Las guerras son un drenaje sanguíneo, una sangría para que las sociedades sigan su curso trazado, piensa e imagina, apelando a viejas teorías sobre la memoria recién leídas. Se trató nada menos que de una batalla que decidiría una guerra, es decir, una batalla decisiva. Y como Cancino suele ser diletante no puede dejar de recordar un episodio de la novela de Italo Calvino, El vizconde demediado, en que surge un paisaje post batalla donde los cuerpos de los combatientes muertos parecen emplumados porque unas aves de carroña están sobre ellos, una imagen espeluznante en que la catástrofe distorsiona radicalmente el paisaje. Eran otras épocas, otros modelos, otras imágenes, piensa Cancino. Y se le viene a la mente Patton, la película, el general en un campo de batalla lleno de cadáveres, y él extasiado, sin poder evitar sentir placer frente al espectáculo. O el personaje del coronel Kilgore en Apocalipsis Now, interpretado por Robert Duval, que huele fascinado el aroma del napalm y lo llama “olor a victoria”. Todo esto a propósito de que mandan a bombardear un área selvática atestada de enemigos, cuya presencia les impedía practicar surf.

Cancino se crió con el olor del mar, que es muy distinto y diverso, cercano a los placeres de mesa, pero siempre amenazado por la putrefacción como efecto supremo e ineludible de la salinidad, que rompe el orden establecido de los objetos. Ve el mar desde su ventana y entiende que debió partir hace rato, pero tuvo que optar por otra cosa por falta de recursos. El trabajo en el que está poniendo parte de su energía es un hecho histórico nunca del todo resuelto y de una visibilidad muy exigua. Lo hace porque es una especie de oportunidad pseudo académica que se le presenta para justificar un trabajo de relaciones públicas o en el área de las comunicaciones. Un hecho histórico sanguinolento, piensa o dice, necesita de una visualidad que lo haga atendible por la memoria o por la simple crónica, si se puede expresar así. Necesitaría, cree él, otras determinaciones, más aún si se trata de una batalla clásica en el marco de una guerra casi convencional, porque nada en nuestra historia es totalmente convencional. La lectura odorífera sería algo posterior y tiene que ver con los efectos de la carnicería más allá de los códigos habituales de percepción. Un intento de lectura que siguiera otros parámetros.
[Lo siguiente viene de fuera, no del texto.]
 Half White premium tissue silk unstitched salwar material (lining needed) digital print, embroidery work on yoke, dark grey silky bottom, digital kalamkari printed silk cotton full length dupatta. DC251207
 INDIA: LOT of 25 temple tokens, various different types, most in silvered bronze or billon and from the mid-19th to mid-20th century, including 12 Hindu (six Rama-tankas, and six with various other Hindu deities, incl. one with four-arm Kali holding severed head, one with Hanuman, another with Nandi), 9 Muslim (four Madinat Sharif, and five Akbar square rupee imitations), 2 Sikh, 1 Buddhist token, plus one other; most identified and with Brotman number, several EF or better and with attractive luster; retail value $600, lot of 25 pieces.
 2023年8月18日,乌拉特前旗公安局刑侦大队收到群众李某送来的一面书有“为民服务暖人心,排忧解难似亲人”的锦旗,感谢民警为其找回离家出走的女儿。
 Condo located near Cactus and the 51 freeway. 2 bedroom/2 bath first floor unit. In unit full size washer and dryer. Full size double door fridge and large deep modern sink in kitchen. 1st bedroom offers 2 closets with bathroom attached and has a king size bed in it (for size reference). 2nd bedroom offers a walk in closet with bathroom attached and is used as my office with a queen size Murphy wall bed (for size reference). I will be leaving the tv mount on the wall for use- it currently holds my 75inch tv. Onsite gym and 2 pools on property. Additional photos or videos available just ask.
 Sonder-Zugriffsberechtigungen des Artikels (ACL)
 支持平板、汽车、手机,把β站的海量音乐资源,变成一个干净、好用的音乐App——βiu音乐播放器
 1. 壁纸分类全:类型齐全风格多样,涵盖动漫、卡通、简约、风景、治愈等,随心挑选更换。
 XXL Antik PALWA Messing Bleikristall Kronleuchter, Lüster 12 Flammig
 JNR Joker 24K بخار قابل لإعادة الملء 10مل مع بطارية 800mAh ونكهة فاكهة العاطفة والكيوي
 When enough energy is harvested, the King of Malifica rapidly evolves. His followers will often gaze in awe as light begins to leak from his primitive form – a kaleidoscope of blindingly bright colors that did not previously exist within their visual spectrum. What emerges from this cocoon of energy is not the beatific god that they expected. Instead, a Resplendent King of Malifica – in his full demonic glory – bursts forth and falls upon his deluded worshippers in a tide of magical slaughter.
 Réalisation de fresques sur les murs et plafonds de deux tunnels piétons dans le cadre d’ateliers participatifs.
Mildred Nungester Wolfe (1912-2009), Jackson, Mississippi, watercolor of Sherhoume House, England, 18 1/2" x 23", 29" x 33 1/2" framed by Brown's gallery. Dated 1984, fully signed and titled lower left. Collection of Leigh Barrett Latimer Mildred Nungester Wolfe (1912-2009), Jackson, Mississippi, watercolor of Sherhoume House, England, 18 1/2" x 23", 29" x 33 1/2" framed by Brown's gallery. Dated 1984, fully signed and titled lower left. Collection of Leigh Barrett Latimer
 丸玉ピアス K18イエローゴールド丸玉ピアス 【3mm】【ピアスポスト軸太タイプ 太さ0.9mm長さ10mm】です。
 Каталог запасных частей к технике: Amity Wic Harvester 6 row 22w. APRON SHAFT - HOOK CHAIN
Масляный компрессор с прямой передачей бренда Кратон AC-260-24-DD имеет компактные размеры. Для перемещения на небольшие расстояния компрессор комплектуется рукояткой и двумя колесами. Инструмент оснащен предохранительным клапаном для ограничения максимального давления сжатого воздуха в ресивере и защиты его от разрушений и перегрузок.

La historia de las batallas despide una imagen que, entre otras, reproduce la de las aves carroñeras sobrevolando objetivos (o su presa) en un área extensa o en un amplio radio que después denominaremos paisaje o tal vez campo de batalla, en este caso se trataría, quizás, de un kilómetro de radio o más, en una especie de onda expansiva del combate, en un terreno tapizado de aves plumíferas y algunos mamíferos, descarnando masas sanguinolentas de cuerpos de soldados, ennegrecidos por el humo de la pólvora o cubiertos por una masa oscura de barro y sangre. Cancino imagina a jotes, tiuques y traros en un festín que el buen sentido debe impedir. Se impone la necesidad de una sepultura colectiva, para eso la historia consigna una gran zanja, la quema de los restos y la consabida cal. El campo de batalla se extiende, frontalmente hablando, por varios kilómetros, quizás unos cuatro, eso imagina o recuerda. Luego, con los saqueos, violaciones y asesinatos se extendería a varias ciudades, aunque ahí la noción de campo de batalla se diluye. A largas distancias es posible distinguir sus efectos: la polvareda y el humo (aunque es muy posible que ese 28 de agosto haya estado muy barroso porque había llovido la víspera, y el terreno mojado es más pesado), los estruendos de la artillería y la fusilería, el griterío y el quejido o llanto sordo de soldados heridos abandonados a su suerte. Todo eso debió verse y/o escucharse, en los cerros porteños, incluso en el plan, supone Cancino, que por lo general está imaginando, recordando y suponiendo, que son sus grandes facultades cognitivas.

Se le viene a la mente el cuerpo de los combatientes en una pira funeraria, como en el poema épico la Ilíada. En este caso es una versión cinematográfica en que Brad Pitt hacía de Aquiles, quien se negaba a combatir por un problema de reparto de botín, en el fondo era un tema de poder, supone. En nuestro barrio, en cambio, dice Cancino, se impuso la zanja tipo trinchera como cementerio colectivo y express. Revisó unas fotos en la página Memoria Chilena de la Dirección de Archivos, en que se ve el humo de un fueguito que hacían unos sujetos que no parecían soldados, sino funcionarios civiles, frente a una gran hilera de cadáveres. Un historiador amigo le comentó que en Chile se contaba muy bien a los muertos porque los terremotos habían obligado al Estado a tener esa experticia. Pero esa capacidad de cálculo se perdía cuando la política andaba de por medio.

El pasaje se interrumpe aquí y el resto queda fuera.